Taking a coffee break in the workplace also has its perks.  It’s been found even just a 15 minute break can combat cognitive fatigue, improve concentration, reduce stress and boost productivity.

Did you know?

A four month old Luwak is tempted by some red coffee beans at the BAS Coffee plantation January 20, 2011 in Tapaksiring, Bali, Indonesia. The Luwak coffee is known as the most expensive coffee in the world because of the way the beans are processed and the limited supply. The Luwak is an Asian palm civet, which looks like a cross between a cat and a ferret. The civet climbs the coffee trees to find the best berries, eats them, and eventually the coffee beans come out in its stools as a complete bean. Coffee farmers then harvest the civet droppings and take the beans to a processing plant. Luwak coffee is produced mainly on the islands of Sumatra, Java, Bali and Sulawesi in the Indonesian Archipelago, and also in the Philippines.

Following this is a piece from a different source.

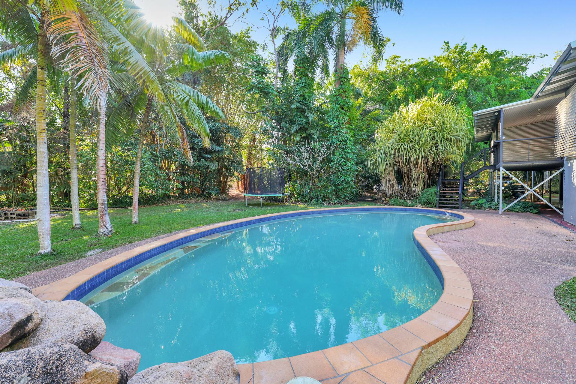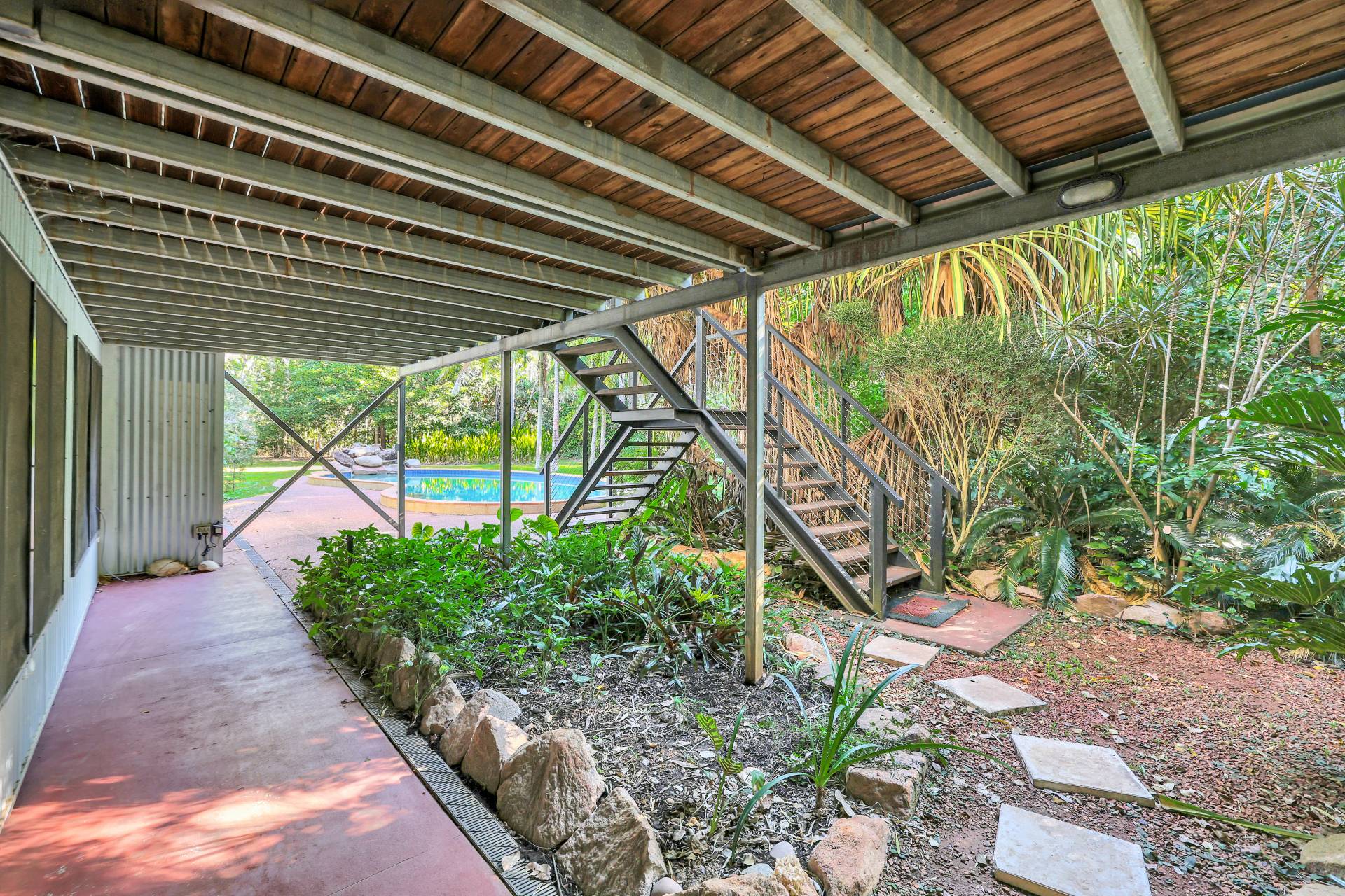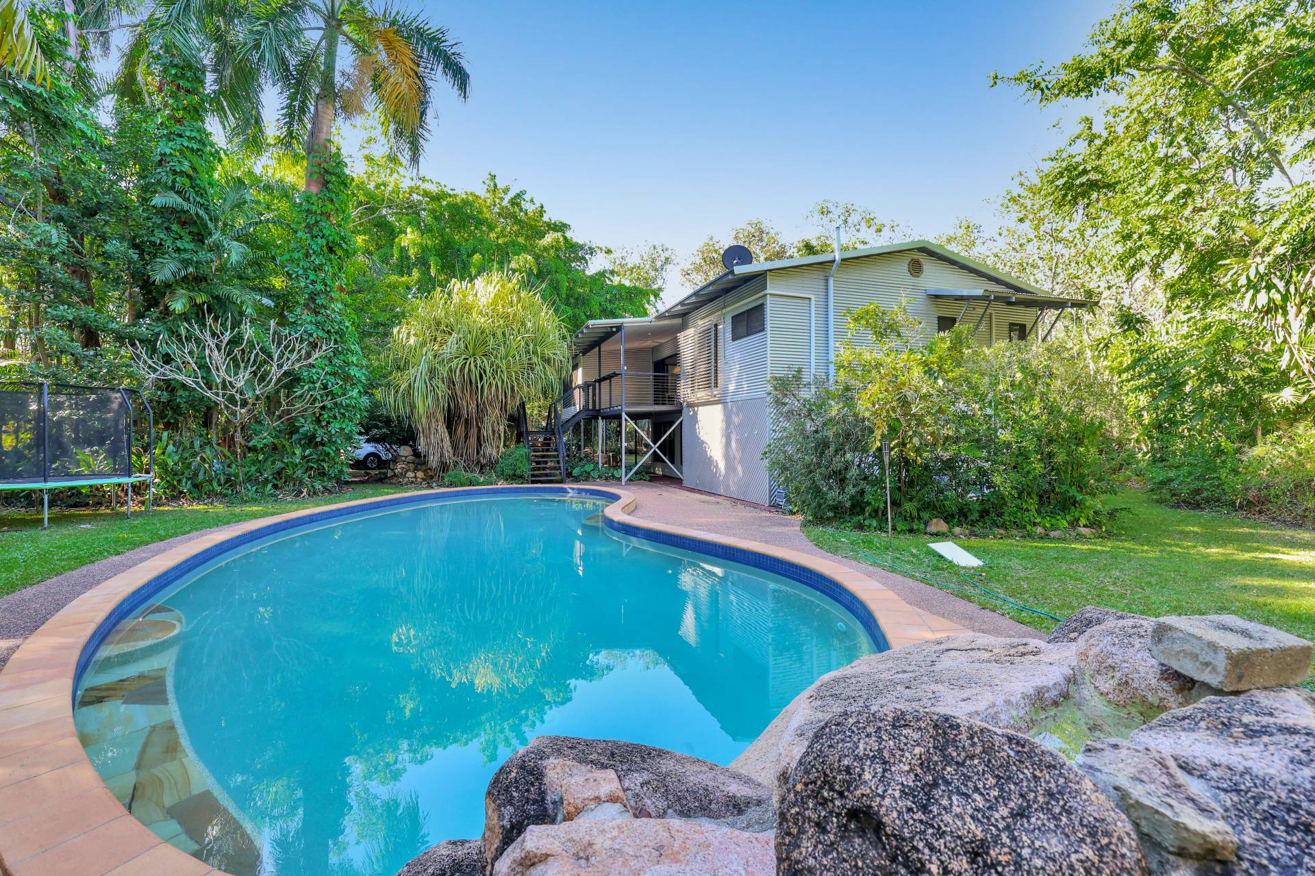 -Elevated 3–4 bedroom home surrounded by lush tropical gardens
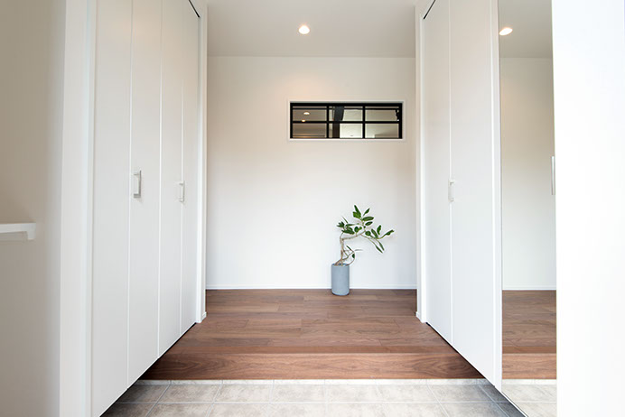 収納をたっぷり設けることで、いつでもスッキリした玄関を保つことができます。

Image courtesy of Cat Poop Coffee Inc.

The most expensive brew in the world is courtesy of this little guy.  Called Kopi Luwak – that’s Indonesian for cat poop coffee – it’s exactly what it says it is.

Coffee beans are eaten by a small cat-like animal called a civet and then collected after they exit the end of the digestion process.

At upwards of $80 a cup, experts suggest one should avoid adding milk or sugar in order to experience the pure flavour which is said to be mild and smooth with only a touch of acidity.